0

My task is to use a set to convert a list of duplicates to a list of unique numbers. However, I want to retain the positions.

Simple enough I thought; so I made a dictionary that first stores the original list's positions.

def get_positions(a): 
    positions = {}

    for ele in a: 
        if not ele in positions:
            positions[ele] = a.index(ele) 

    return positions

So lets say I have a list a = [1, 2, 4, 4, 5]

Positions will give me a dictionary of {0:1, 1:2, 2:4, 3:4, 4:5}.

This however was unsuccessful because I repeated numbers will not get their positions stored.

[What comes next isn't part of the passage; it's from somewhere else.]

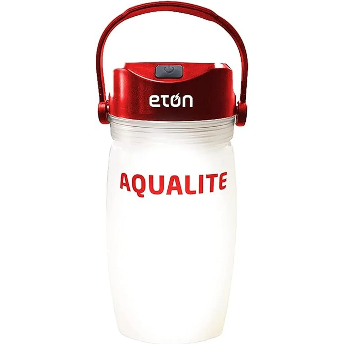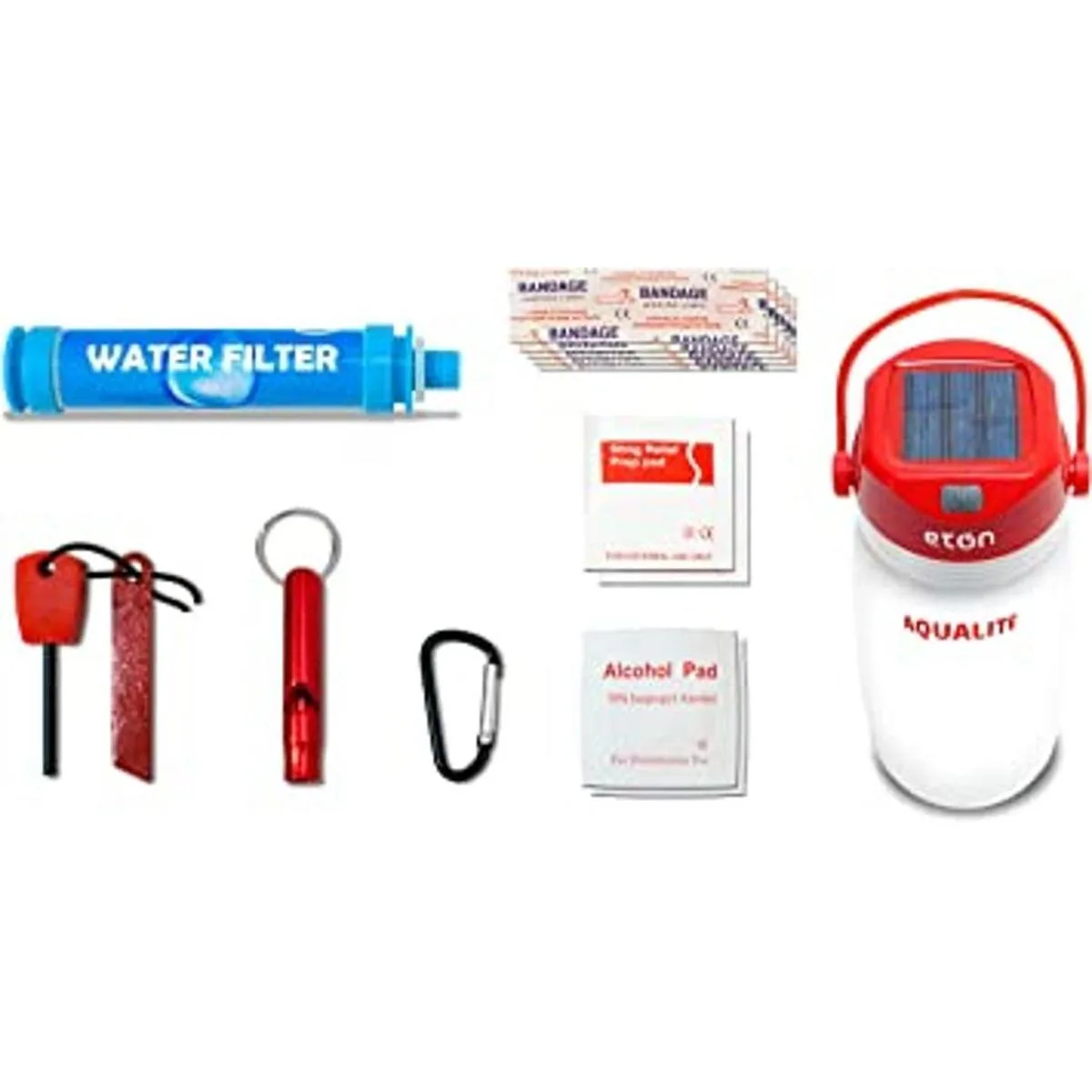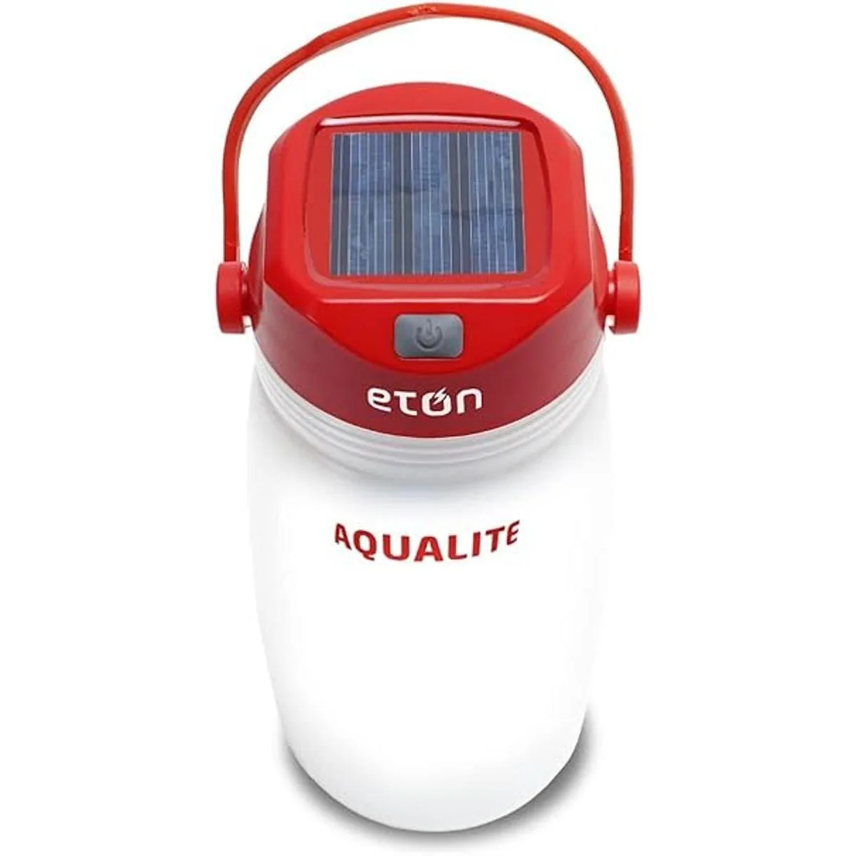 Eton Linterna solar Aqualite con botella de agua integrada, kit de supervivencia de emergencia, silicona plegable, cargador de teléfono, arrancador de fuego de pedernal, silbato de emergencia, luz SOS
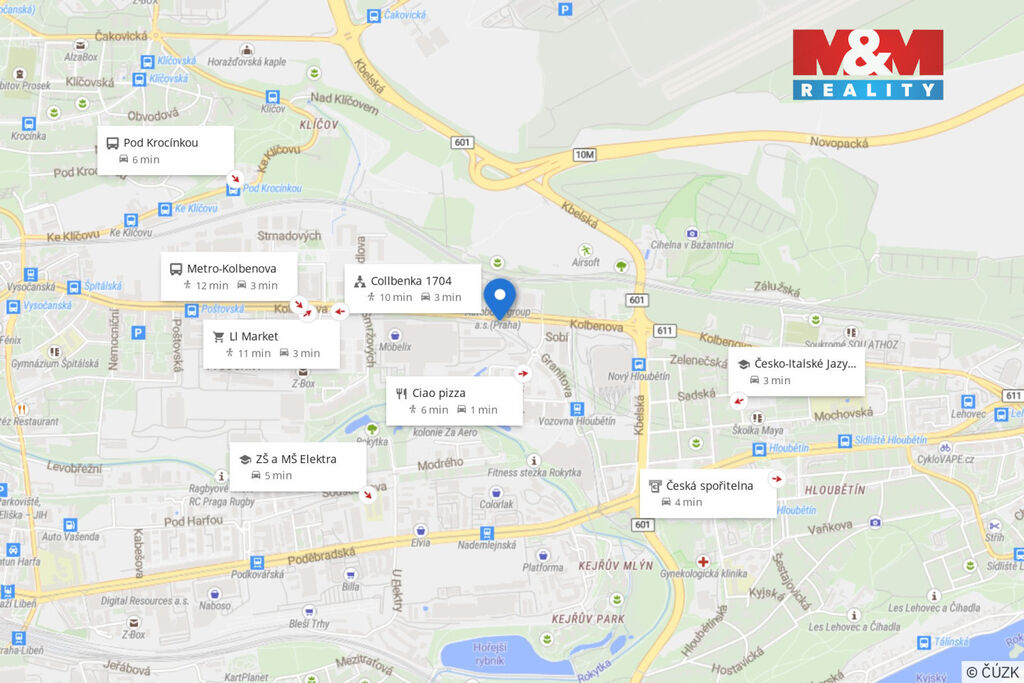 Výborná dostupnost – stanice metra B Kolbenova jen pár minut pěšky. V okolí veškerá občanská vybavenost, parky, restaurace i obchody. Klidné, nově rozvíjející se místo s perfektním napojením na centrum města.

Is there a way of achieving this?

Thanks.

UPDATE:

It seems I wasn't clear. I need to use a set. So, I get a list a=[1,2,4,4,5] and I must convert it to a set to erase the duplicates. Then, I need to get a list with the elements in the same order. (It's an assignment problem)

user2417731
  • 179
  • 3
  • 14
  • do you just want the original numbers in the order they first appeared in the original list? – ModulusJoe Oct 08 '13 at 15:03
  • Yes, so for the example with a, I want a list returned that has [1, 2, 4, 5] – user2417731 Oct 08 '13 at 15:03
  • 1
    possible duplicate of [How do you remove duplicates from a list in Python whilst preserving order?](http://stackoverflow.com/questions/480214/how-do-you-remove-duplicates-from-a-list-in-python-whilst-preserving-order) – mgilson Oct 08 '13 at 15:04
  • 1
    Just so you know, you keep saying that you're "using a set", but `positions` is defined as `{}`, which is an empty "dictionary" or "mapping", not a set. – Mark Hildreth Oct 08 '13 at 15:05
  • Is this an arbitary assignment for a programming class? If it is there a number of ways you could complete this with the use of a 'set'. Can you provide the full details of the requirements as I think we are missing something. – ModulusJoe Oct 08 '13 at 15:17

5 Answers5

6

You can use an OrderedDict:

>>> from collections import OrderedDict
>>> 
>>> a = [1, 2, 4, 4, 5]
>>> 
>>> list(OrderedDict.fromkeys(a))
[1, 2, 4, 5]

You can also use a plain set for this. One common way is:

>>> a = [1, 2, 4, 4, 5]
>>> 
>>> seen = set()
>>> [x for x in a if x not in seen and not seen.add(x)]
[1, 2, 4, 5]

The trick here is that not seen.add(x) will always be True because add() always returns None. In practice, I would always use the OrderedDict approach.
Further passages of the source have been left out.